Let’s take a closer look at the previous example. The very first method you will always call when constructing a state machine, is stateMachine(). This returns a mutable StateMachine.Builder that can be used to configure all properties of a state machine. Here, we’re adding a comment describing the purpose of the state machine, indicating the initial state via the startAt() method, and defining that state via the state() method. Each state machine must have at least one state in it and must have a valid path to a terminal state (that is, a state that causes the state machine to end). In this example, we have a single TaskState (configured via the taskState() method) that also serves as the terminal state via the End transition (configured by transition(end()) ).

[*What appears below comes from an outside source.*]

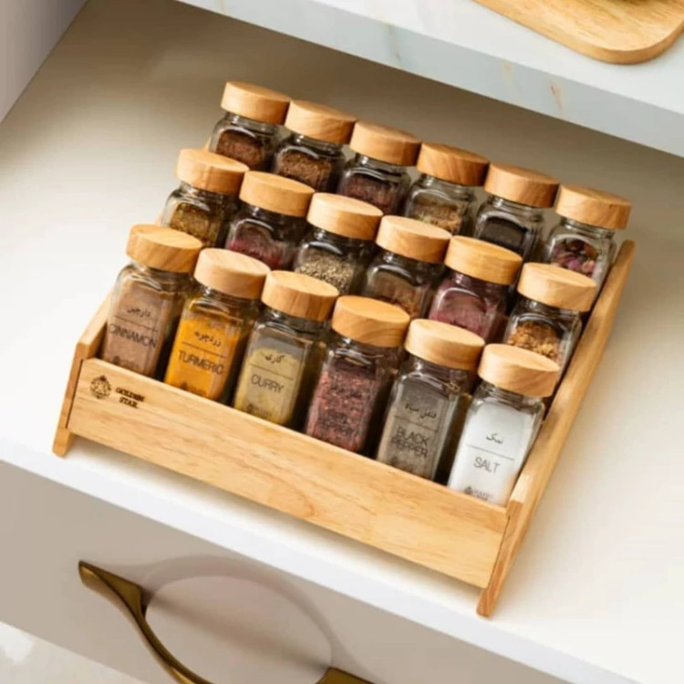 پک ادویه 18 عددی مک کارتی همراه با استند چوبی رابروود گلدن استار

Once you configure a state machine to your liking, you can call the build() method on the StateMachineBuilder to produce an immutable StateMachine object. This object can then be transformed into JSON (see toJson() and toPrettyJson()) or it can be passed directly to the CreateStateMachine API in the Java SDK (see below).

The following creates the state machine (created previously) via the service client. The definition() method can take either the raw JSON or a StateMachine object. For more information about getting started with the Java SDK, see our AWS Java Developer Guide.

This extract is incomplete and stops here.